One of the preliminary steps in writing a good machine learning algorithm is to visualise the training data and almost always, datasets (especially after pre-processing) contain a lot of features, sometimes thousands. As we know, it is impossible for humans to visualise a mapping of 1000 dimensions. This is where **dimensionality reduction algorithms** such as t-SNE come into play.

**What is t-SNE?**

t-SNE stands for** t-Distributed Stochastic Neighbour Embedding**. It was developed by Laurens van der Maatens and Geoffrey Hinton in 2008. It is an award winning, unsupervised nonlinear algorithm that embeds high-dimensional data into two or three dimensions. So, basically it gives an intuition or a sense of how the high dimensional data would look like and how it is distributed by giving a **2D or 3D mapping** of it.

**How t-SNE works**

t-SNE considers each pair of points and constructs a conditional probability distribution for all such pairs. The conditional probability is a measure of the similarity between each pair of points. It is higher for more similar points and vice-versa. This probability is calculated via a parameter called **perplexity** which describes the number of immediate neighbours to be considered for getting the similarity measures.

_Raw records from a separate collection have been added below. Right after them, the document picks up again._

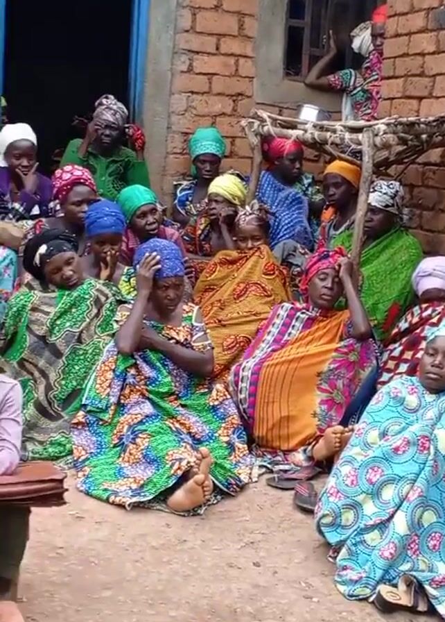 The video depicts a group of people gathered outside a brick building. The majority of the women in the foreground are seated on the ground, draped in colorful fabrics and headscarves. A few men are seated on small stools in front of the group. One man standing in front of them is holding a book and appears to be speaking to the crowd. Behind the seated group, a larger crowd of people stand on an incline. The environment suggests a rural setting, with the brick building possibly being a simple dwelling. The people seem to be engaged in a gathering or meeting of some kind.
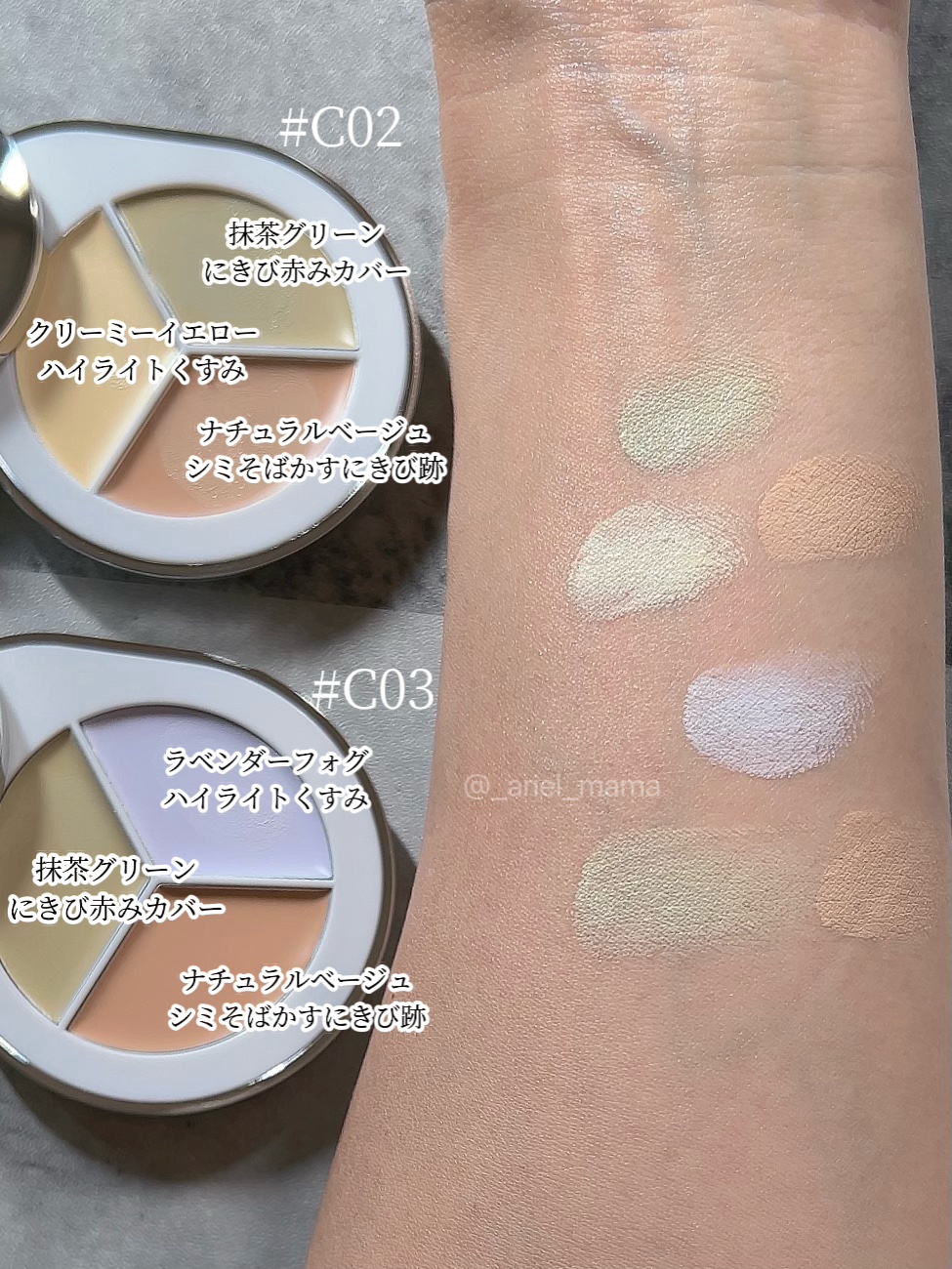 - 肌悩みに合わせた3つのタイプのコンシーラパレットです。 シミやトラブル跡などをカバーしてくれます。
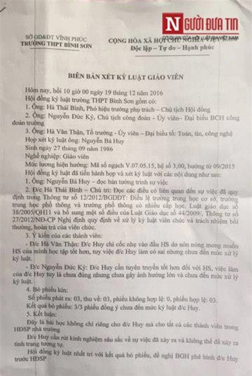 “Ngày 19/12/2016, Hội đồng nhà kỷ luật của nhà trường đã họp cùng với thầy Huy, sau khi nghe thầy Huy đọc tường trình sự việc, chúng tôi đã kết luận: Đây là bài học không chỉ riêng cho thầy Huy mà cho tất cả thành viên trong Hội đồng sư phạm nhà trường. Đồng chí Huy phải nghiêm túc rút kinh nghiệm về sự việc, đồng thời ra quyết định kỷ luật với hình thức phê bình”, thầy Bình cho biết.
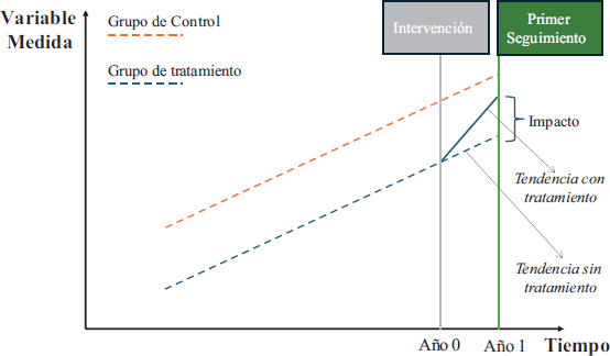 En el gráfico, se presentan dos grupos: el grupo de control (en naranja) y el grupo de tratamiento (en azul). Ambos grupos siguen una tendencia paralela en sus variables de resultado hasta el punto de intervención (Año 0), donde se introduce el programa. Posteriormente, en el primer seguimiento (Año 1), se observa que el grupo de tratamiento muestra un incremento en la variable de resultado mayor que el grupo de control, lo que se señala como el “Impacto” del programa. La línea discontinua azul proyectada desde el Año 0 al Año 1 indica la tendencia que hubiera seguido el grupo de tratamiento en ausencia del programa, basada en la tendencia del grupo de control.
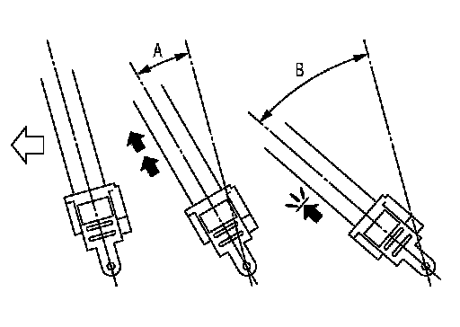 - The webbing cannot be pulled out when the angle (B) is 27 degrees or more.
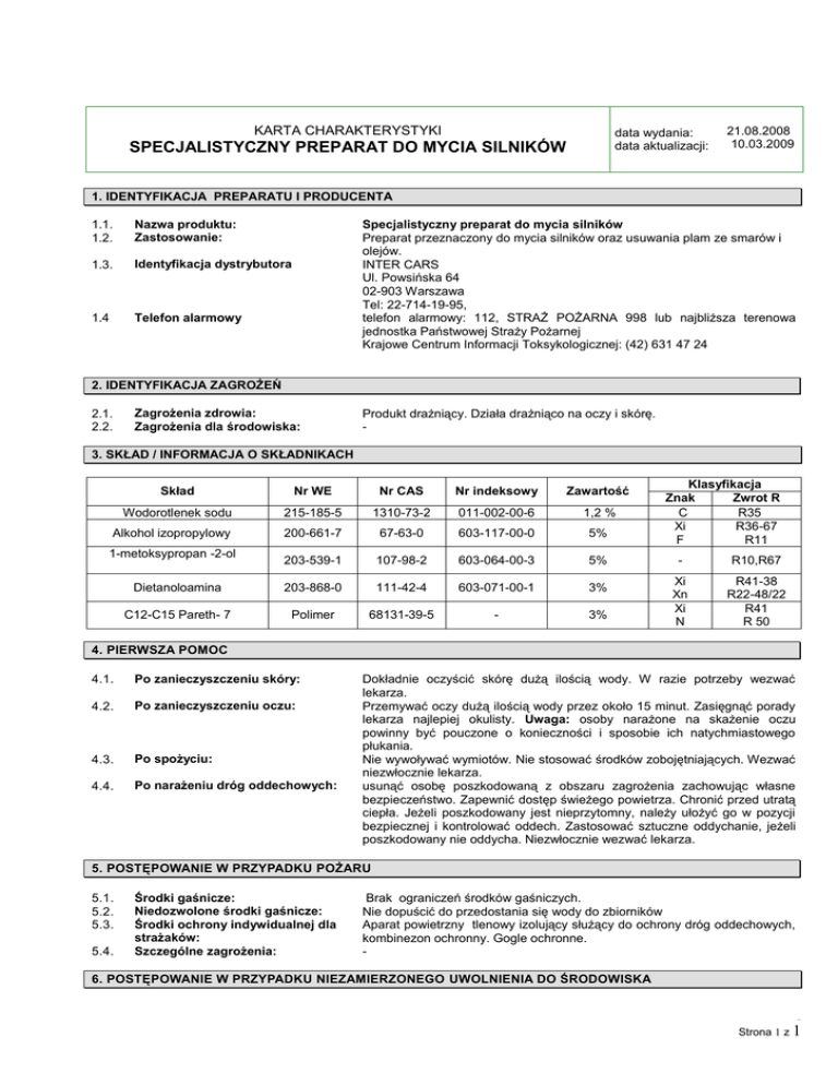 KARTA CHARAKTERYSTYKI data wydania: data aktualizacji: SPECJALISTYCZNY PREPARAT DO MYCIA SILNIKÓW 21.08.2008 10.03.2009 1. IDENTYFIKACJA PREPARATU I PRODUCENTA 1.1. 1.2. Nazwa produktu: Zastosowanie: 1.3. Identyfikacja dystrybutora 1.4 Telefon alarmowy Specjalistyczny preparat do mycia silników Preparat przeznaczony do mycia silników oraz usuwania plam ze smarów i olejów. INTER CARS Ul. Powsińska 64 02-903 Warszawa Tel: 22-714-19-95, telefon alarmowy: 112, STRAŻ POŻARNA 998 lub najbliższa terenowa jednostka Państwowej Straży Pożarnej Krajowe Centrum Informacji Toksykologicznej: (42) 631 47 24 2. IDENTYFIKACJA ZAGROŻEŃ 2.1. 2.2. Zagrożenia zdrowia: Zagrożenia dla środowiska: Produkt drażniący. Działa drażniąco na oczy i skórę. - 3. SKŁAD / INFORMACJA O SKŁADNIKACH Skład Nr WE Nr CAS Nr indeksowy Zawartość Wodorotlenek sodu 215-185-5 1310-73-2 011-002-00-6 1,2 % Alkohol izopropylowy 200-661-7 67-63-0 603-117-00-0 5% 203-539-1 107-98-2 603-064-00-3 5% Dietanoloamina 203-868-0 111-42-4 603-071-00-1 3% C12-C15 Pareth- 7 Polimer 68131-39-5 - 3% 1-metoksypropan -2-ol Klasyfikacja Znak Zwrot R C R35 Xi R36-67 F R11 - R10,R67 Xi Xn Xi N R41-38 R22-48/22 R41 R 50 4. PIERWSZA POMOC 4.1. Po zanieczyszczeniu skóry: 4.2. Po zanieczyszczeniu oczu: 4.3. Po spożyciu: 4.4. Po narażeniu dróg oddechowych: Dokładnie oczyścić skórę dużą ilością wody. W razie potrzeby wezwać lekarza. Przemywać oczy dużą ilością wody przez około 15 minut. Zasięgnąć porady lekarza najlepiej okulisty. Uwaga: osoby narażone na skażenie oczu powinny być pouczone o konieczności i sposobie ich natychmiastowego płukania. Nie wywoływać wymiotów. Nie stosować środków zobojętniających. Wezwać niezwłocznie lekarza. usunąć osobę poszkodowaną z obszaru zagrożenia zachowując własne bezpieczeństwo. Zapewnić dostęp świeżego powietrza. Chronić przed utratą ciepła. Jeżeli poszkodowany jest nieprzytomny, należy ułożyć go w pozycji bezpiecznej i kontrolować oddech. Zastosować sztuczne oddychanie, jeżeli poszkodowany nie oddycha. Niezwłocznie wezwać lekarza. 5. POSTĘPOWANIE W PRZYPADKU POŻARU 5.1. 5.2. 5.3. 5.4. Środki gaśnicze: Niedozwolone środki gaśnicze: Środki ochrony indywidualnej dla strażaków: Szczególne zagrożenia: Brak ograniczeń środków gaśniczych. Nie dopuścić do przedostania się wody do zbiorników Aparat powietrzny tlenowy izolujący służący do ochrony dróg oddechowych, kombinezon ochronny. Gogle ochronne. - 6. POSTĘPOWANIE W PRZYPADKU NIEZAMIERZONEGO UWOLNIENIA DO ŚRODOWISKA P. Kutyła Strona 1 z 1 KARTA CHARAKTERYSTYKI SPECJALISTYCZNY PREPARAT DO MYCIA SILNIKÓW 6.1. Środki ochrony osobistej: 6.2. Środki ochrony środowiska: 6.3. Usuwanie zanieczyszczeń: data wydania: data aktualizacji: 21.08.2008 10.03.2009 ochronę osobistą powinny stanowić ubrania ochronne, rękawice gumowe oraz hełm z osłoną części twarzowej lub część twarzowa maski przeciw gazowej lub okulary szczelnie przylegające do twarzy. Nie wdychać par. Zapewnić wentylację. zlokalizować miejsce wycieku i przystąpić do jego likwidacji unikając zbędnego ryzyka. Zabezpieczyć przez uszczelnienie, teren na którym wystąpił wyciek przed możliwością rozprzestrzeniania. Unikać tworzenia i wdychania oparów. Pokryć piaskiem lub ziemią. Zebrać do szczelnie zamkniętych , oznakowanych pojemników i przekazać do utylizacji. Zanieczyszczoną powierzchnię zobojętnić kwasem siarkowym , spłukać dużą ilością wody. 7. POSTĘPOWANIE Z SUBSTANCJĄ / PREPARATEM I JEJ / JEGO MAGAZYNOWANIE 7.1. Postępowanie z substancją: 7.2. Magazynowanie: nie dopuszczać do rozlania, kontaktu z oczami, skórą i oblania odzieży. Unikać wdychania oparów. Stosować sprawną wentylację pomieszczeń. Postępować zgodnie z zasadami bezpieczeństwa i higieny pracy. przechowywać w oryginalnych, szczelnie zamkniętych opakowaniach, w suchych i przewiewnych pomieszczeniach magazynowych, w temperaturze powyżej 10 C. Przestrzegać zasad gospodarki magazynowej. Podjąć niezbędne środki w celu uniknięcia przedostania się preparatu do kanalizacji, zbiorników wodnych, rzek, wód gruntowych i do gleby z powodu rozszczelnienia się opakowań lub systemów przesyłowych. Stosować zgodnie z przeznaczeniem. Chronić przed wilgocią . 8. KONTROLA NARAŻENIA I ŚRODKI OCHRONY INDYWIDUALNEJ Stosowane środki ochrony indywidualnej powinny spełniać wymogi Rozporządzenia Ministra Gospodarki z dnia 21 grudnia 2005 r. w sprawie zasadniczych wymagań dla środków ochrony indywidualnej (Dz.U. 2005 nr 259, poz. 2173). Środki ochrony osobistej należy oczyścić w celu ponownego użycia. 8.1. 8.3. 8.4. NDS dla NaOH NDSCh dla NaOH NDS dla alkoholu izopropylowego NDSChdla alkoholu izopropylowego Kontrola narażenia w miejscu pracy: Środki ochrony indywidualnej: 3 0,5 mg/m 1,0 3 mg/m 900 mg/m 1200 3 3 mg/m Wentylacja miejscowa wywiewna oraz wentylacja ogólna pomieszczenia. Unikać kontaktu z oczami. Rękawice ochronne gumowe, okulary ochronne, odpowiednia odzież ochronna i obuwie ochronne. Udostępnić myjkę do mycia oczu lub możliwość szybkiego przemycia oczu. 9. WŁAŚCIWOŚCI FIZYCZNE I CHEMICZNE 9.1. 9.2. 9.3. 9.4. 9.5. 9.6. 9.7. 9.8. 9.9. 9.10. 9.11. 9.12. 9.13. 9.14. 9.15. 9.16. Postać: Barwa: Zapach: pH: Temperatura wrzenia: Temperatura topnienia: Temperatura zapłonu: Temperatura samozapłonu: Palność: Granice wybuchowości: Właściwości utleniające: Prężność par w 20C: Gęstość w 20C: Rozpuszczalność w wodzie: Rozpuszczalność w innych rozpuszczalnikach: Lepkość w 25 C ciecz Jasnożółta do brązowej Charakterystyczny dla użytych składników Około 8,5 – 9,5 Nie dotyczy Nie ustalone nie ustalone nie stwarza zagrożenia wybuchowego Nie ustalone Nie ustalone Nie ustalone Całkowicie rozpuszczalny w wodzie - Strona 2 z 5 KARTA CHARAKTERYSTYKI SPECJALISTYCZNY PREPARAT DO MYCIA SILNIKÓW data wydania: data aktualizacji: 21.08.2008 10.0
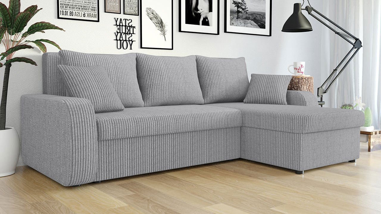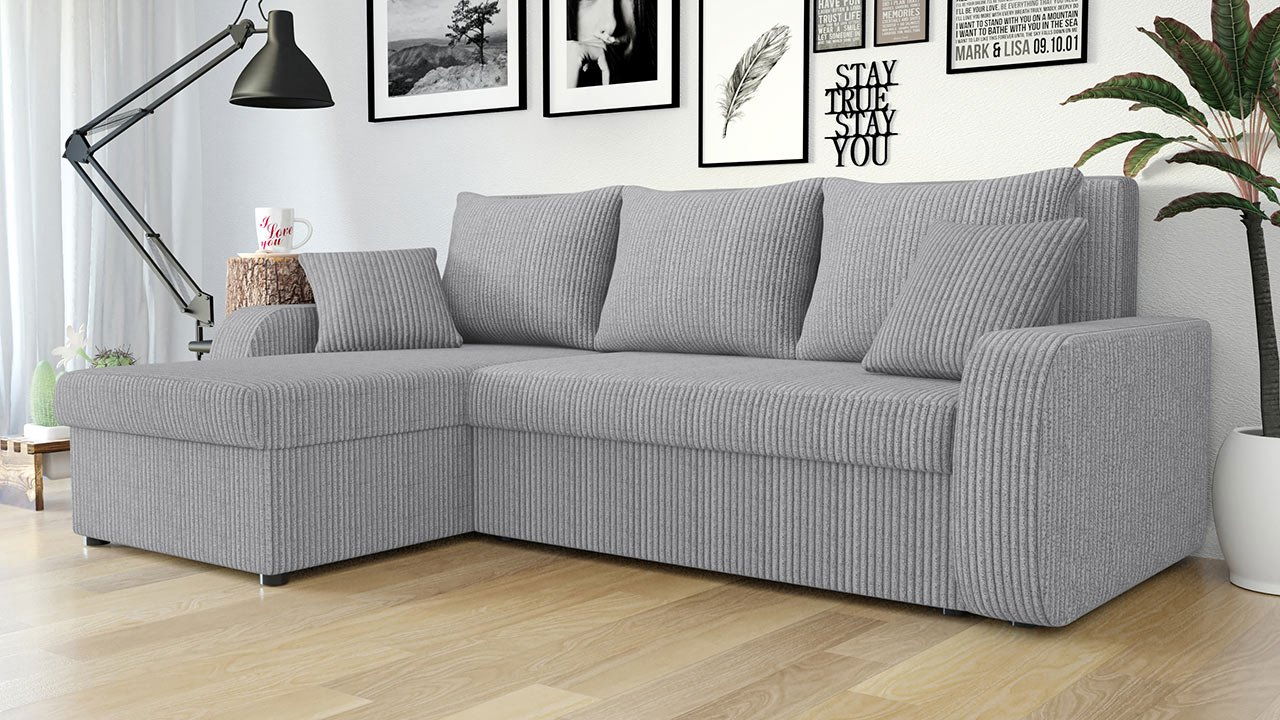 Jednoduchý a klasický design rohové rozkládací sedačky Delmur je přerušen manšestrovou látkou se zajímavou texturou. Čalouněný nábytek pokrytý tímto typem materiálu se vrátil ve velkém stylu a stal se stálicí moderních zařízení obývacího pokoje či ložnice. Rohová sedačka s funkcí spánku nabízí dva prostorné úložné boxy, do kterých se vejdou všechny vaše věci. Obsahuje také dva dekorační polštáře potažené také manšestrovou látkou. Rohová rozkládací sedačka Delmur je přes den skvělou dekorací do obývacího pokoje a v noci poslouží jako velká postel pro pohodlný odpočinek.
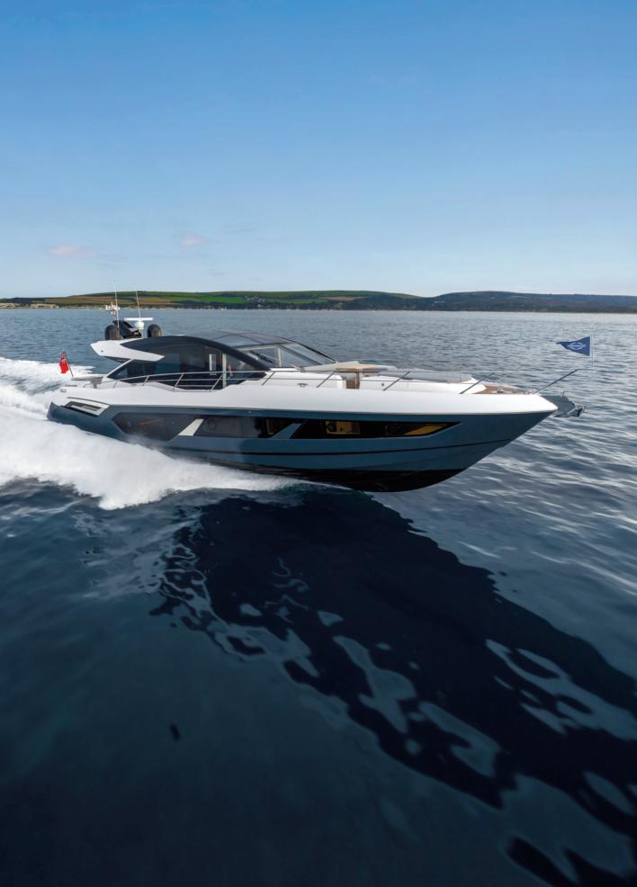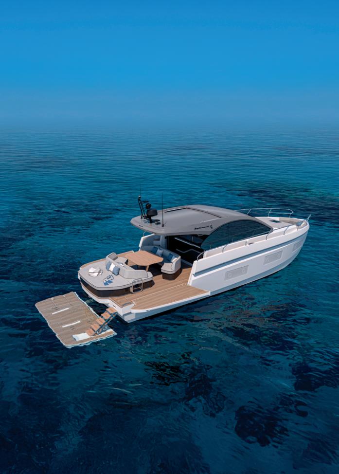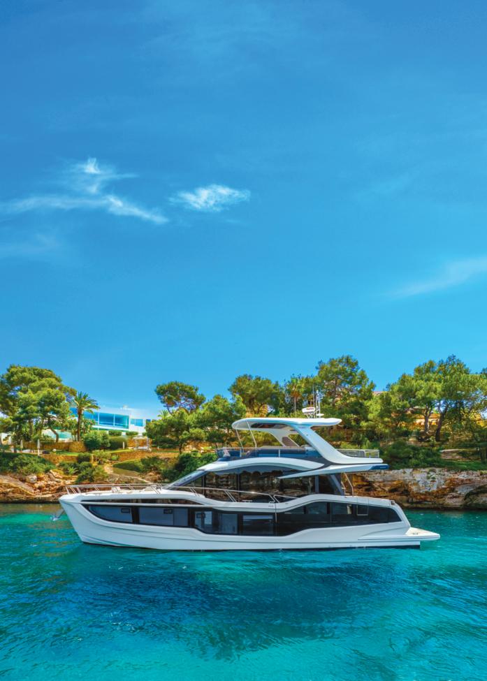 Every yacht signed by Absolute Yachts tells a story. The Navetta 58, named Andromeda, draws inspiration from the mythical princess whose beauty and strength earned her a place among the stars. Like its namesake, Andromeda embodies elegance and innovation, marking a new chapter inAbsolute’s design evolution. Distinctive features include large ‘squircular’ bow windows, glazed cockpitgunwalesforunobstructedviews,andaspacious, customizable cockpit terrace sheltered by the flybridge. The wide platform ensures easy sea access, while the step-free flybridge serves as a panoramic terrace with modular seating, BBQ, and optional solar panels. Inside, versatilelayoutsandrefinedfinishesdefinebright,serene spaces,withaforwardmastersuite,VIPcabin,andadaptableguestroomofferingultimatecomfortandstyle.

Now, this was all for the high dimensional space. In the corresponding low dimensional counterpart, the algorithm will initially create a random distribution of probabilities. The most crucial part of the algorithm is how it minimises the difference between the high dimensional and low dimensional probabilities for each pair. Due to this, similar points will be closer to each other in the 2D or 3D representation. What makes t-SNE stand out, is the shift of focus from separating dissimilar points to bringing similar points closer in the 2D representation. Due to the pairwise comparison, t-SNE has a time-complexity of O(N^2) where N is the number of datapoints.

**Why is t-SNE better?**

To understand why t-SNE is so useful, one needs to know how it is different when compared to other dimension reduction techniques, most importantly PCA. **Principal Component Analysis (PCA)** is a linear method that gives more importance to **separating points** as much as possible whereas t-SNE lays heavy emphasis on **bringing similar points as close as possible**. This is why in t-SNE plots, one often (but not always) sees many **clusters** marking clear separations among dissimilar points. Let’s see the plots generated by the two techniques for the MNIST dataset. (MNIST is a dataset comprising thousands of grayscale 28×28 images of handwritten digits from 0 to 9. One converts each image into a data point with 784 dimensions and then plots all these points in 2D). The PCA embedding would look like this:

The datapoints are all over the place and it is extremely hard to differentiate them. This is known as the ‘grouping problem’.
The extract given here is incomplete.